WORK REQUIRED | What is needed is an exact copy of the whole listing below, with no pictures.

SOURCE MATERIAL |

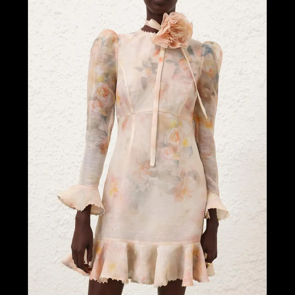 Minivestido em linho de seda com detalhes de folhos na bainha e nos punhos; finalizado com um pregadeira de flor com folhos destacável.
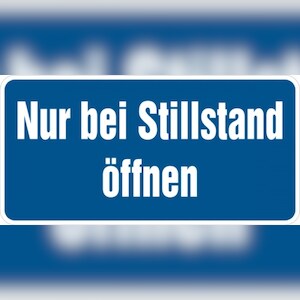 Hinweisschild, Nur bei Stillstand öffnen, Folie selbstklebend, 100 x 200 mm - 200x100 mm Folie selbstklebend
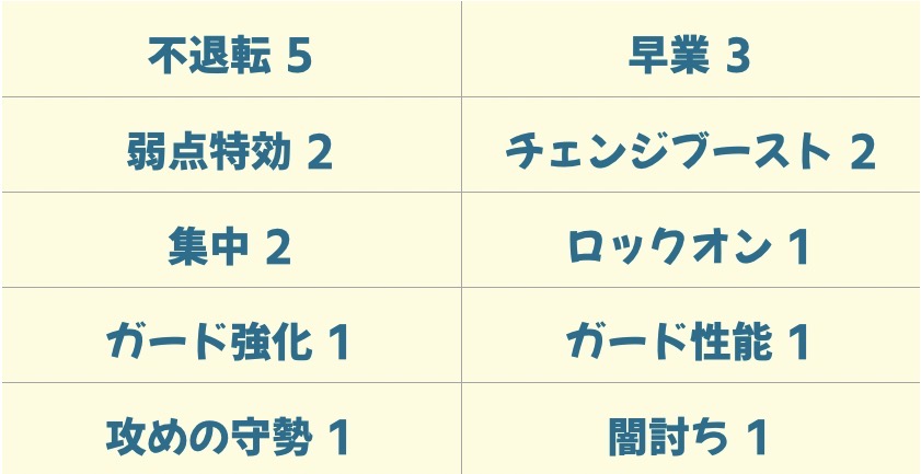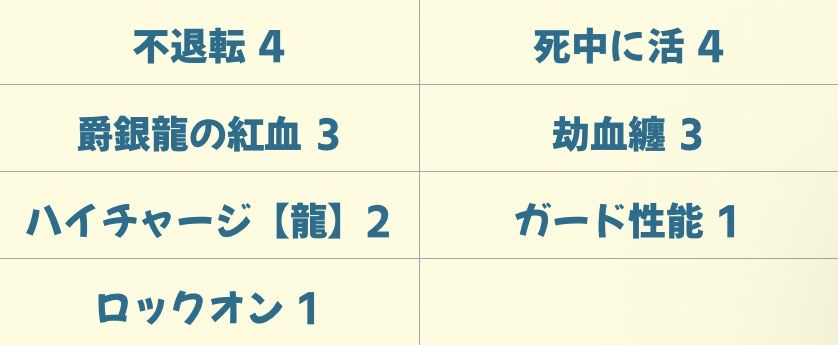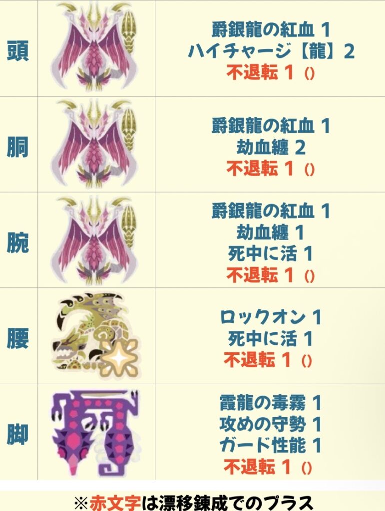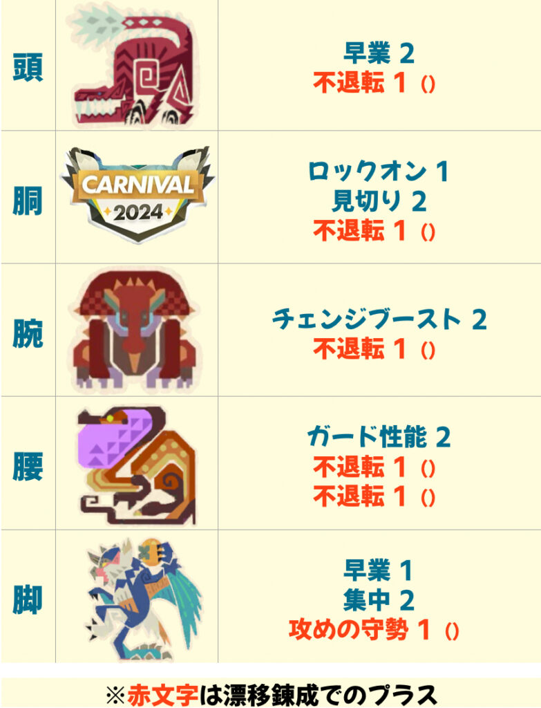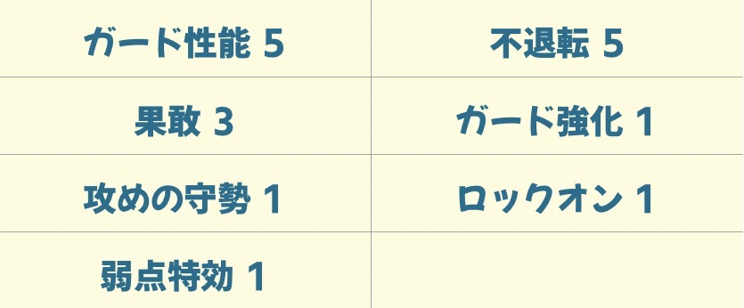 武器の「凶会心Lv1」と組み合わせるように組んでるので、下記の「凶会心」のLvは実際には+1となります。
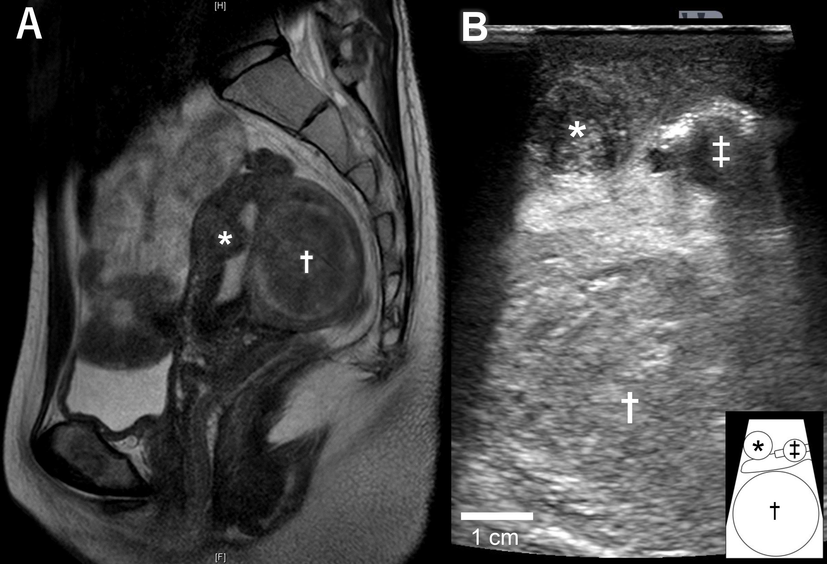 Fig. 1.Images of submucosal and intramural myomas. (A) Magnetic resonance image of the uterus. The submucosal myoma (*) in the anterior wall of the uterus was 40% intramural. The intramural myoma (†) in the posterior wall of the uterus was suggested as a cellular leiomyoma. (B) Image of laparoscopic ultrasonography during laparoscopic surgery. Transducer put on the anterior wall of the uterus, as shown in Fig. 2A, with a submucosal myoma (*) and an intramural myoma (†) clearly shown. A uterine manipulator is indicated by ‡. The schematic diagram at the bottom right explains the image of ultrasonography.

COMPLETED EXERCISE |
 Minivestido em linho de seda com detalhes de folhos na bainha e nos punhos; finalizado com um pregadeira de flor com folhos destacável.
 Hinweisschild, Nur bei Stillstand öffnen, Folie selbstklebend, 100 x 200 mm - 200x100 mm Folie selbstklebend
 武器の「凶会心Lv1」と組み合わせるように組んでるので、下記の「凶会心」のLvは実際には+1となります。
 Fig. 1.Images of submucosal and intramural myomas. (A) Magnetic resonance image of the uterus. The submucosal myoma (*) in the anterior wall of the uterus was 40% intramural. The intramural myoma (†) in the posterior wall of the uterus was suggested as a cellular leiomyoma. (B) Image of laparoscopic ultrasonography during laparoscopic surgery. Transducer put on the anterior wall of the uterus, as shown in Fig. 2A, with a submucosal myoma (*) and an intramural myoma (†) clearly shown. A uterine manipulator is indicated by ‡. The schematic diagram at the bottom right explains the image of ultrasonography.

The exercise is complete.